Determinate Lablab bean (Labalab purpureus) was treated with various plant hormones. Gibberellin (GA3) partly induced the indeterminate growth of plants grown under non-inductive conditions. Cytokinins (Kinetin and benzyl adenine) retained the determinate growth habit under inductive conditions for indeterminate growth. Endogenous contents of gibberellins and auxins were higher in the plants under inductive conditions than in those under non-inductive conditions, which the reverse was true for the endogenous contents of cytokinins. It is suggested that in determinate Lablab gibberellin (s) and/or auxin(s) induce indeterminate growth habit in long days and high temperatures, while cytokinin(s) sustain determinate growth in short days and low temperature conditions.
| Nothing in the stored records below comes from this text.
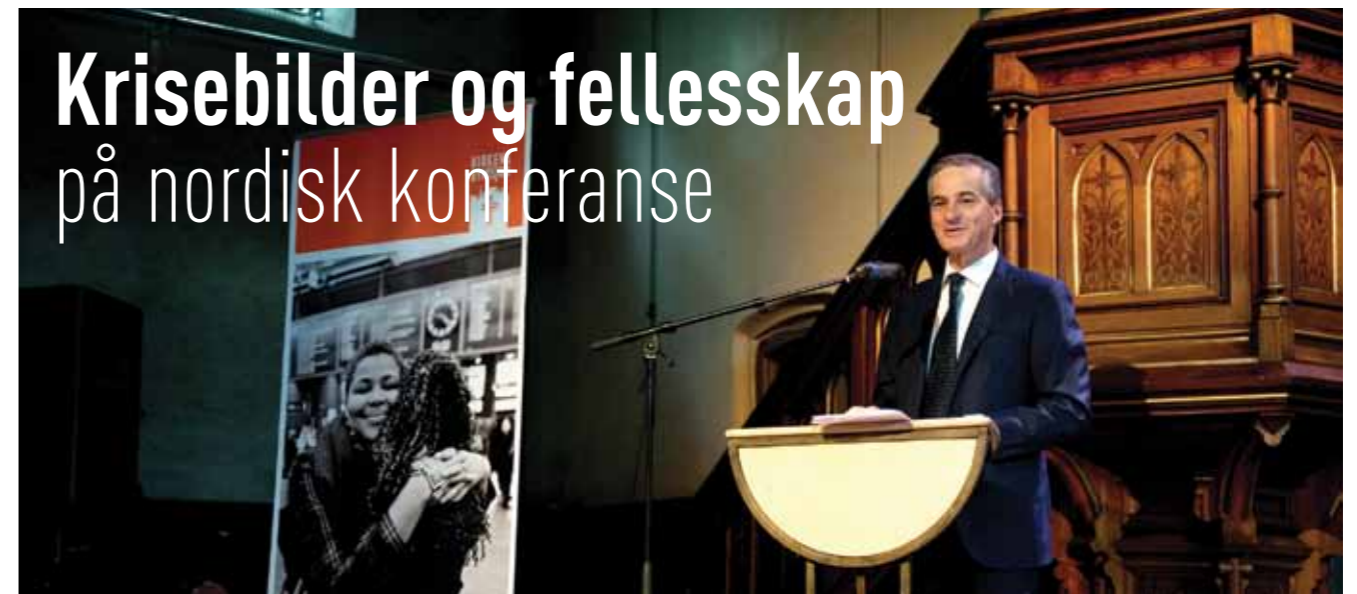
– Det er viktig å fange opp et krisesignal før krisen rammer. Kirkelige og humanitære organisasjoner har et verdigrunnlag som gjør det mulig å avdekke slike tendenser, sa utenriksminister Jonas Gahr Støre til deltagerne på den Nordiske bymisjonskonferansen.
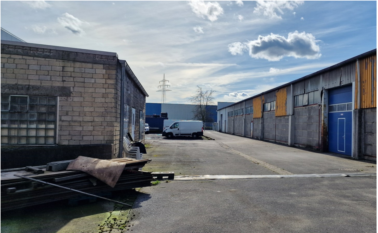
Halle B hintere Zufahrt
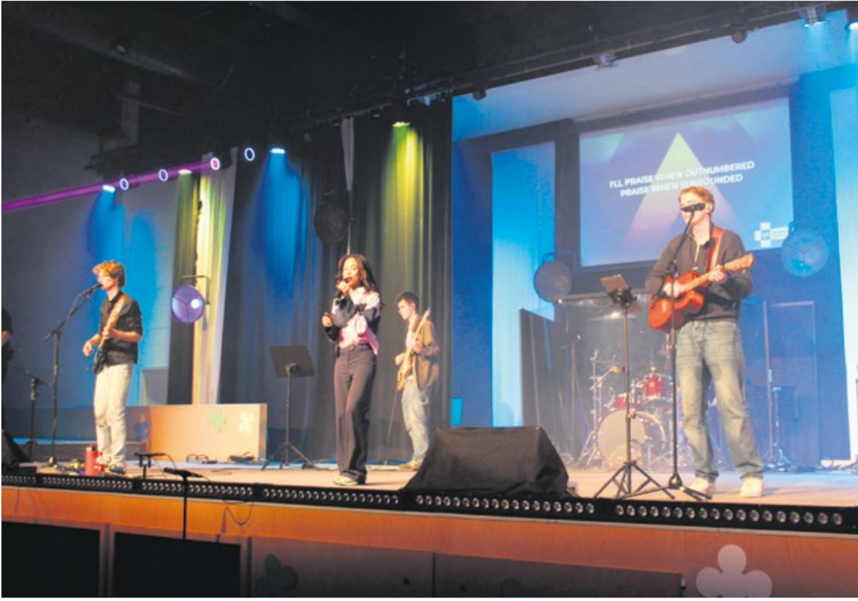
De band Mountain and the Mustard Seed trad op voor een feestelijke afsluiting van een geslaagde KJD.

‘We komen handen tekort, maar al een paar mensen hebben aangegeven dat ze volgend jaar willen helpen’
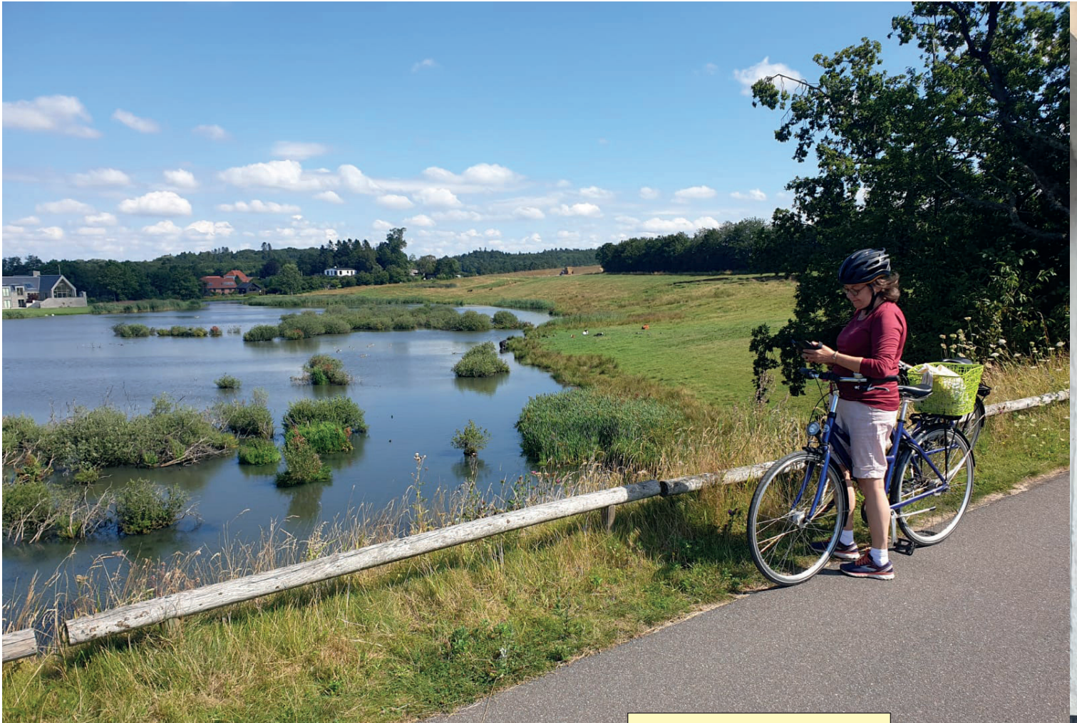
- Ei juurikaan mätää Tanskanmaalla...?
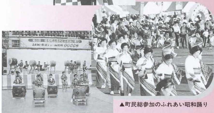
▲子どもたちのほたる太鼓。
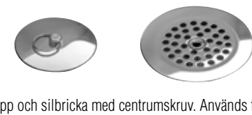
Propp och silbricka med centrumskruv. Används för utbyte av en manuell korgventil till propp i Prevex ventilet.
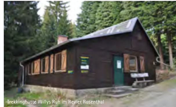
Trekkinghütte Willys Ruh im Revier Rosenthal
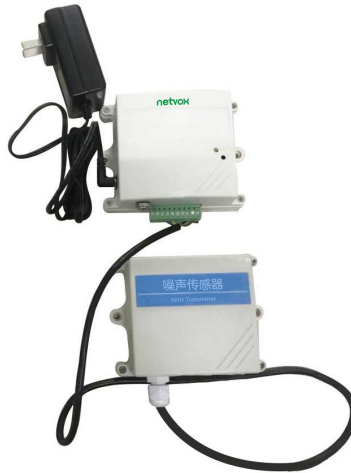
图一 RA0724 效果图 (以实物为准)
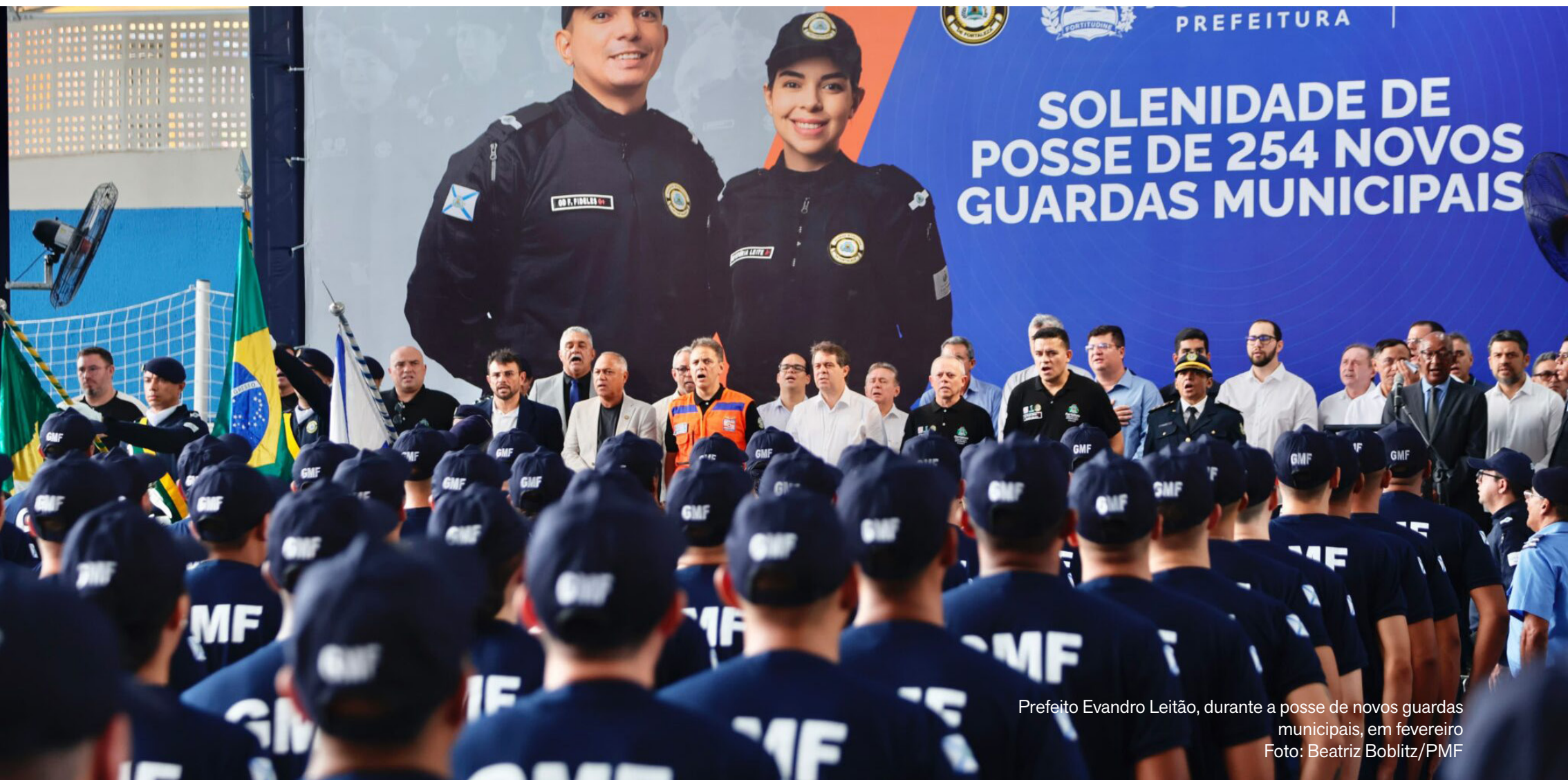
Prefeito Evandro Leitão, durante a posse de novos guardas municipais, em fevereiro

Promoções integram plano de investimentos na GMF, que inclui o Pacto pela Segurança Cidadã, pelotões nas regionais e novos equipamentos
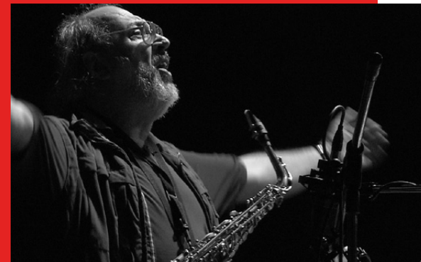
Sounds and Silence
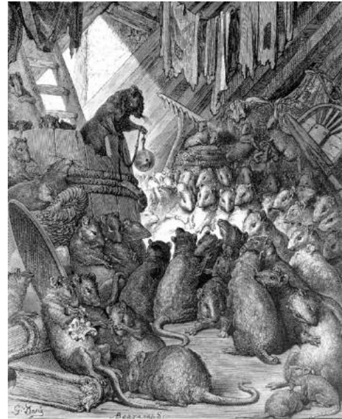
The council of rats- Gustave Dore

Wat volgt zijn 15 verzen uit het Crombrugs handschrift in Middelnederlandse taal.
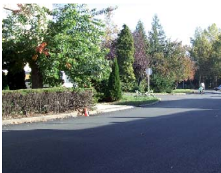
A DR. SZOMRACY UTCA FELÚJÍTOTT SZAKASZA

Új aszfaltburkolatot kapott a dr. Szomraky Zoltán utca. A felújítási munkálatok október 24–26. között zajlottak, ez alatt az idő alatt forgalomszabályozás volt érvényben az útszakaszon. Időközben – a városkép szempontjából meghatározó – K&H Bank épületének korszerűsítése is elkezdődött.
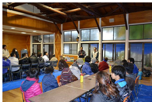
【12月 3日 開会・森林インストラクター紹介】

A study was carried out to derive a suitable non-destructive method of leaf area determination using length and breadth of leaflets of the trifoliate leaves of Dolichos Lablab. A random sample of 20 leaves giving 60 leaflets per variety in a group of 17 varieties was used for leaf area determination. The three models utilized were A1 = bLB, A2 = a + bLB, and A3 = aLb1Bb2 resulting in three prediction equations; A1=0.06647 LB, A2=2.3345 + 0.6321 LB and A3 = 0.1223 L0.5633 B1 2791. Although the three equations were found equally efficient, the equation A1=0.6647 LB was selected for its simplicity in calculation.

An experiment was carried out in Mymensingh, Bangladesh during May, 1991 to April, 1992 to investigate the phenology and fruiting behaviour of 3 advance lines (DSC-1-6/S1, DSC-1-6/S-2 and DSC-1-6 (S) of Lablab bean (L.purpureus) cross in F6 generation and their parents. The parental genotypes were DS-21-B (local) and DS-109 (Japanese). The test genotypes were sown on 3 dates, i.e., 15th May, 1st July and 15th August 1991. Results revealed strong interaction of sowing dates with genotypes for flowering and fruiting characteristics. The flowering time in the local parental genotypes gradually decreased with delay in sowing date due to photoperiod sensitivity and timely fixed behaviour. The exotic parent and 3 selected advance generation (F6) lines showed periodically fixed and photoperiod neutral behaviour. The effect of phenology showed that the local parent produced maximum flowers but incurred maximum flower abortion. The edible pod yield of the local genotype also varied widely with sowing dates, but remained statistically unchanged in the exotic genotype as well as in the advance lines. Among 3 sowing dates, July sowing was the best for pod production. May sowing produced the highest percentage of edible pod protein.